Data for analysis START

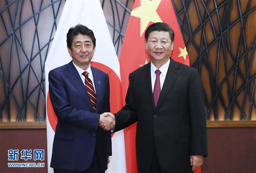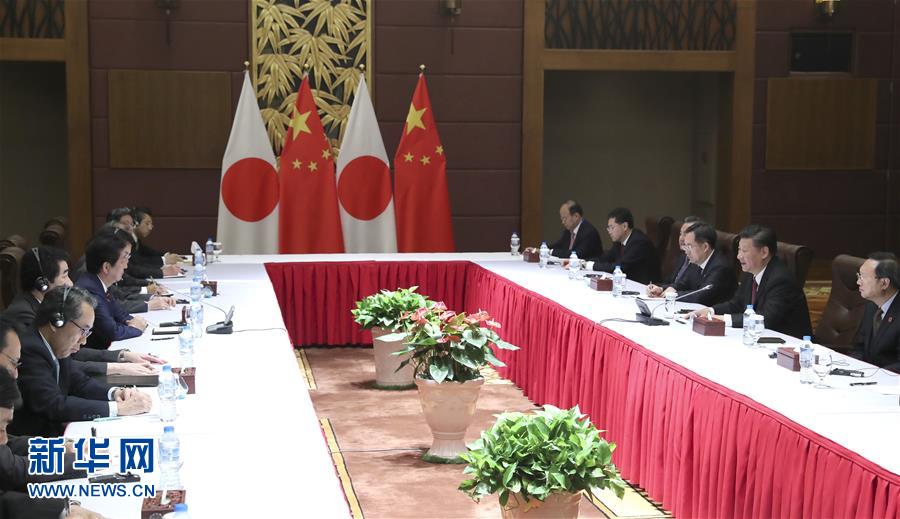 ? ?11月11日,國家主席習(xí)近平在越南峴港會見日本首相安倍晉三。新華社記者 蘭紅光 攝
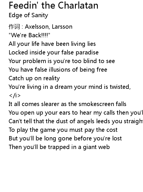 | Song | Feedin' the Charlatan |
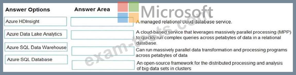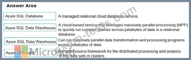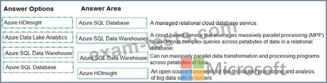 Instructions: To answer, drag the appropriate Azure service from the column on the left to its description on the right. Each service may be used once, more than once, or not at all.
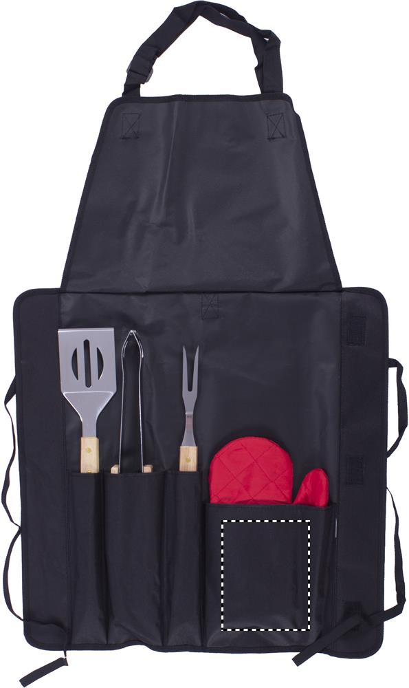 BBQ põll kolme erineva BBQ tööriista ja ühe kindaga. Põll 600D polüestrist.
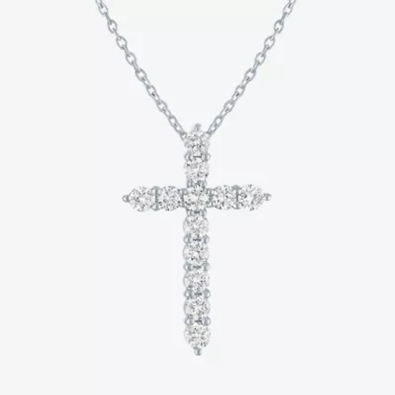 Cross (G-H / Si2-I1) Womens 1 CT. T.W. Lab Grown White Diamond Pure Silver Over Brass Cross 18 Inch Pendant Necklace in Ponce, PR
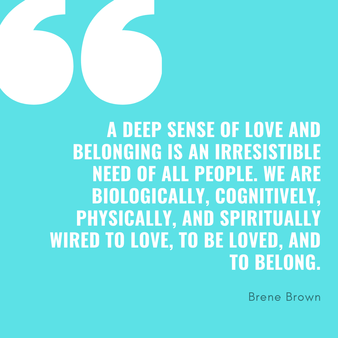 As Brene Brown said ‘A deep sense of love and belonging is an irresistible need of all people. We are biologically, cognitively, physically, and spiritually wired to love, to be loved, and to belong. It is part of who we are and how we function.
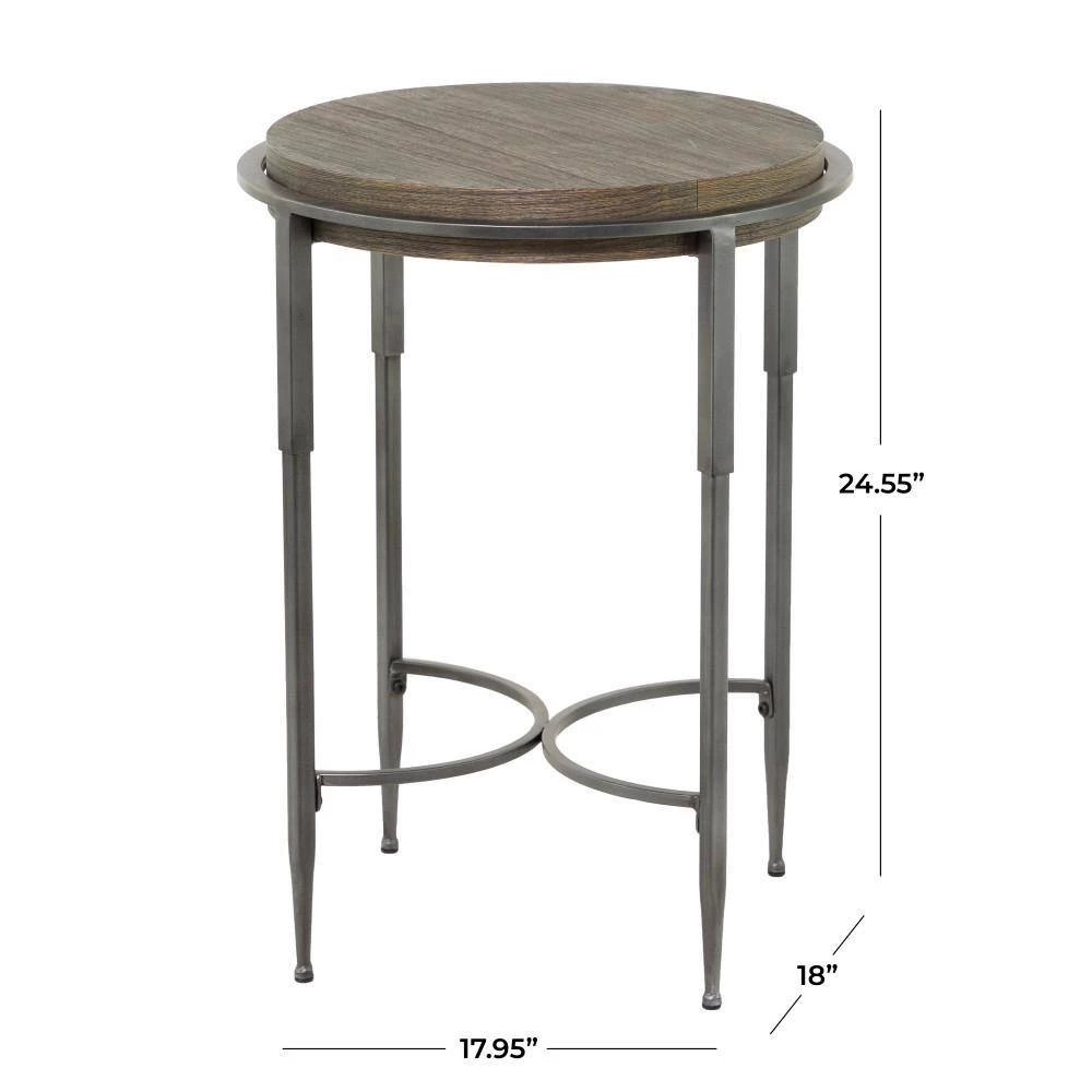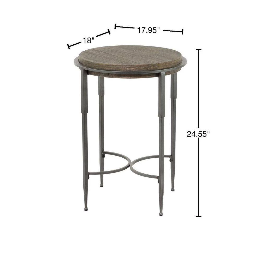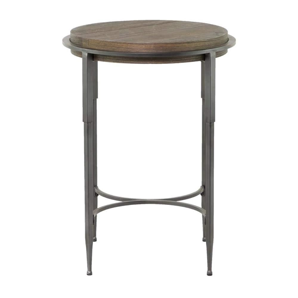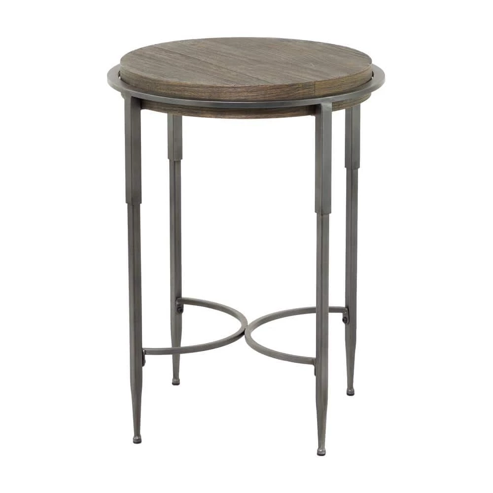 A compact friendly table providing you with additional storage space any where in your home. A compact friendly table providing you with additional surface storage space any where in your home. Add a touch of rustic beauty within your dashing living spaces as you display this accent table on neutral toned walls and other wooden furniture pieces. This table features black rubber stoppers at the base for a sturdy and smooth footing on surface and furniture. This item ships in 1 carton. Suitable for indoor use only. Holds up to 100 pounds. Industrial style.
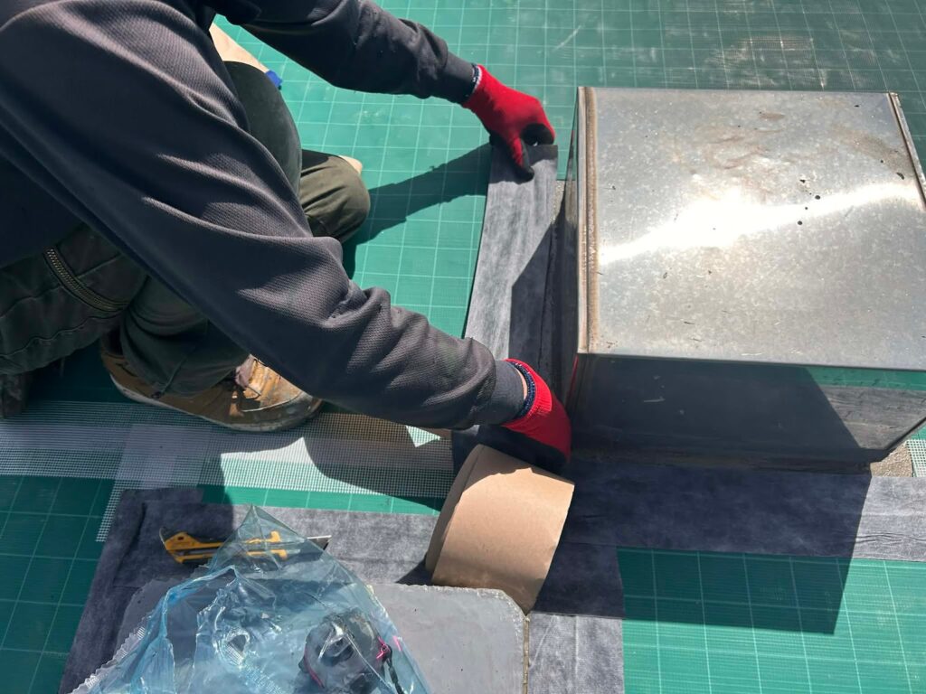 通気緩衝シートとは、防水下地の水分を通気緩衝シートを通し、脱気筒から脱がすことで防水層の膨れや剥がれなどの不具合を防ぐ高度な防水工法です。

Data for analysis END

- _Your goal_: Please reproduce the entries above line by line, exactly, leaving out each image.

- _The answer_:
 ? ?11月11日,國家主席習(xí)近平在越南峴港會見日本首相安倍晉三。新華社記者 蘭紅光 攝
 | Song | Feedin' the Charlatan |
 Instructions: To answer, drag the appropriate Azure service from the column on the left to its description on the right. Each service may be used once, more than once, or not at all.
 BBQ põll kolme erineva BBQ tööriista ja ühe kindaga. Põll 600D polüestrist.
 Cross (G-H / Si2-I1) Womens 1 CT. T.W. Lab Grown White Diamond Pure Silver Over Brass Cross 18 Inch Pendant Necklace in Ponce, PR
 As Brene Brown said ‘A deep sense of love and belonging is an irresistible need of all people. We are biologically, cognitively, physically, and spiritually wired to love, to be loved, and to belong. It is part of who we are and how we function.
 A compact friendly table providing you with additional storage space any where in your home. A compact friendly table providing you with additional surface storage space any where in your home. Add a touch of rustic beauty within your dashing living spaces as you display this accent table on neutral toned walls and other wooden furniture pieces. This table features black rubber stoppers at the base for a sturdy and smooth footing on surface and furniture. This item ships in 1 carton. Suitable for indoor use only. Holds up to 100 pounds. Industrial style.
 通気緩衝シートとは、防水下地の水分を通気緩衝シートを通し、脱気筒から脱がすことで防水層の膨れや剥がれなどの不具合を防ぐ高度な防水工法です。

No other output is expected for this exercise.